The economic and financial system loses more than 620 billion euros a year due to absenteeism caused by depression and burn out, says a European Parliament report. In the Bulgarian nation, around 30-35% of people explain their mental discomfort by problems at work. But this is not the only cause. With the Covid-19 pandemic, solitary confinement, and now the war in Ukraine, the mental health of Bulgarians is deteriorating dramatically. "We are seeing an increase in neurotic states such as panic attacks, obsessive-compulsive disorders and anxiety disorders of all kinds," says Dr. Tsvétéslava Galabova, psychiatrist and director of the public psychiatric hospital "St. John of Rila" on Radio Bulgaria, adding: "This environment full of insecurity, instability, increasing demands on the individual to overcome difficulties exhausts mental energy and favors the appearance of anxiety disorders. In Bulgaria, we have huge problems with the working environment. Many work without a contract or under conditions that do not correspond to their agreement.
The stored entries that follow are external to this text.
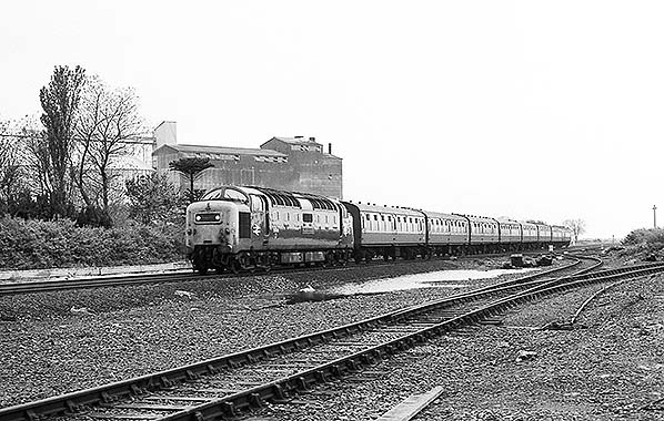 An up passenger train headed by a Class 55 ‘Deltic’ is approaching the site of Belford station in 1976 and passing the silo on the far side of the tracks.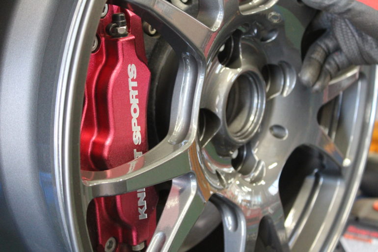 スリッド入りのローターや赤いビックキャリパーが顔をのぞかせており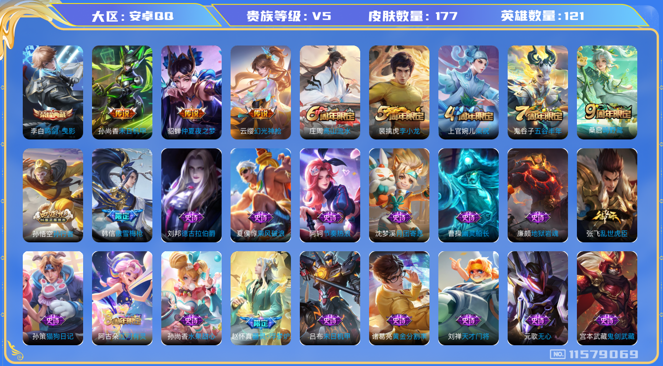 [11579069]V5 1典藏 4传说 121英雄 177皮肤 可修改实名 荣耀水晶:鸣剑·曳影 传说皮:幻光神枪,仲夏夜之梦(大飞蛾),末日机甲-孙尚香(绿蚂蚱) 珍宝阁皮:胡桃夹子,玩趣恶龙 限定皮:鸣野蒿,傲雪梅枪,高山流水,五谷丰年,梁祝,李小龙,孙行者 史诗皮:器灵·浮梦炉,黄金分割率,特工魅影,千年之狐,江河有灵,蒙恬荣光圣徽,偶像歌手,末日机甲-吕布,猫狗日记-孙策,乱世虎臣,节奏热浪,修罗,摇滚巨星,水果甜心,天才门将,星夜王子,功夫厨神,德古拉伯爵,暗隐猎兽者,幽灵船长,鬼剑武藏,心灵战警,地狱岩魂,纤云弄巧,繁星吟游(呼啦呼啦),乘风破浪,逐浪之夏,月团寄思,水晶猎龙者,金属风暴,原初追逐者,圣诞恋歌,鹰眼统帅,魅力维加斯,赏金猎手,千筹问战,无心,未来纪元-赵云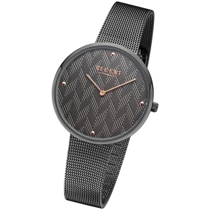 Diese elegante Uhr für Damen aus der exklusiven Regent Metallarmband-Kollektion verfügt über ein hochwertiges Edelstahl-Armband in grau. Das analoge Quarzwerk und die Wasserdichte bis 3 bar machen diese Armbanduhr zu einem besonders zuverlässigen Begleiter.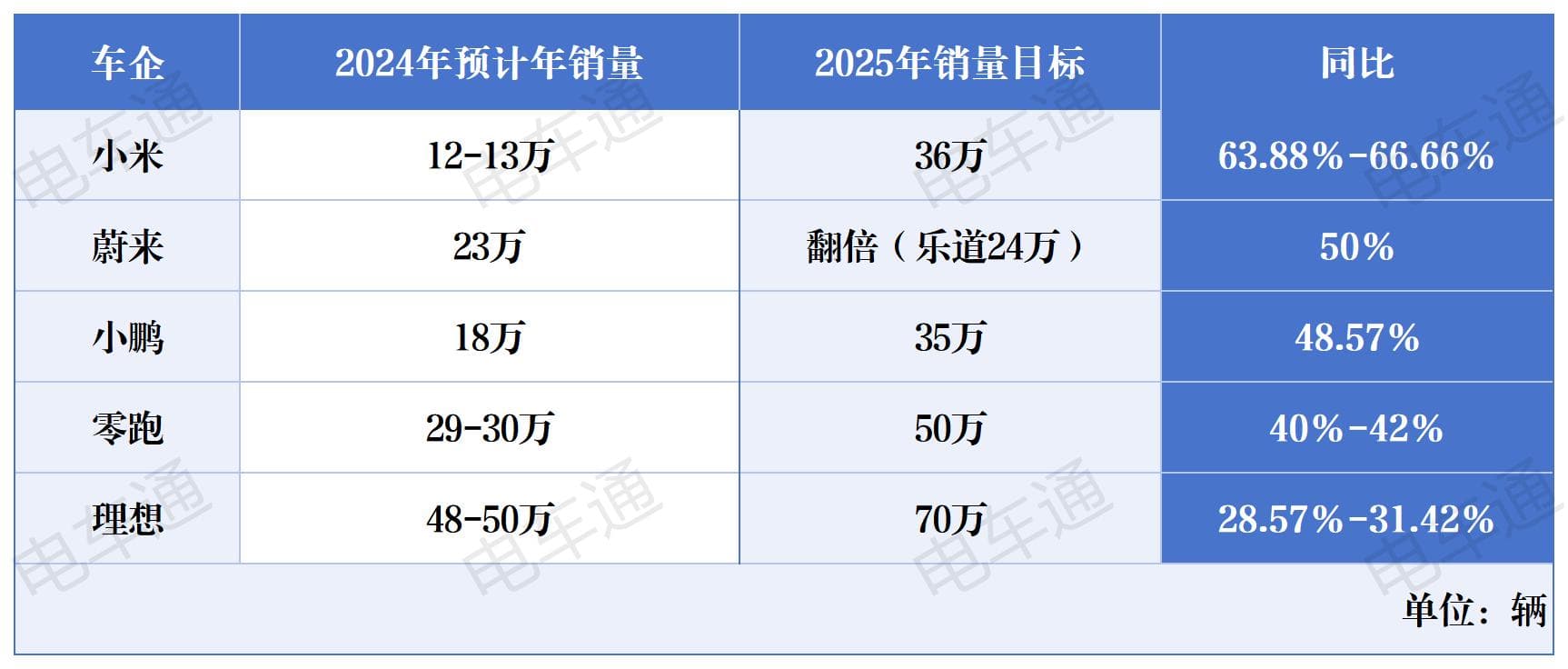 车企2025年销量目标曝光:蔚来理想变得保守,小米最激进

More and more people are working without social security contributions, with long working days or in an inappropriate environment. On the other hand, people are becoming more and more neurotic, anxious, and disoriented and this has a significant influence on the relationships in the workplace. All this forms a vicious circle that contributes to the increase of neurotic disorders in Bulgaria.
 
15% suffer from mental disorders at some point in their lives. Of course, the cause is not always work-related stress. According to data from the National Institute of Public Health and Analysis, anxiety, depression, phobias, and addiction to alcohol or drugs are among the mental disorders common in our country. The media also contribute to an unhealthy mental environment. "This is because the media is constantly pouring out bad news," says Dr. Galabova. "Most people watch TV for information, and TV journalists themselves recognize that bad news 'sells' best and put it first. You can see how the news starts: murders, serious road accidents, burglaries, problems of all kinds. All this is extremely harmful to our mental health." She points out that mental health does not deteriorate overnight. Disorders appear gradually over time as a result of an accumulation of problems. You suppress them for a while, then it breaks down, and the first symptoms appear sweating, shortness of breath, increased blood pressure, etc. At this stage, it is good to consult a specialist. Bulgarians are shy and refuse to admit that they need professional help in such circumstances. The problem is also financial because the National Health Insurance Fund does not reimburse psychotherapy costs. In the end, anxiety disorders go untreated, which can have serious consequences.